MATERIAL SUPPLIED>
____________

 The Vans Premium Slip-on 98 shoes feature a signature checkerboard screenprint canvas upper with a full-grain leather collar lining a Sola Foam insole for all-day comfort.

____________

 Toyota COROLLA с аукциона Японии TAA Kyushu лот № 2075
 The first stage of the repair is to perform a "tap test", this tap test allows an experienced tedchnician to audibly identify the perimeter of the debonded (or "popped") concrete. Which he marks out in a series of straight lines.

____________

WHAT IS EXPECTED>
Write out exactly the lines above between the line with "Toyota COROLLA с" and the line with "The first stage", inclusive, and nothing beyond them.

RESULT OF THE EXERCISE>
 Toyota COROLLA с аукциона Японии TAA Kyushu лот № 2075
 The first stage of the repair is to perform a "tap test", this tap test allows an experienced tedchnician to audibly identify the perimeter of the debonded (or "popped") concrete. Which he marks out in a series of straight lines.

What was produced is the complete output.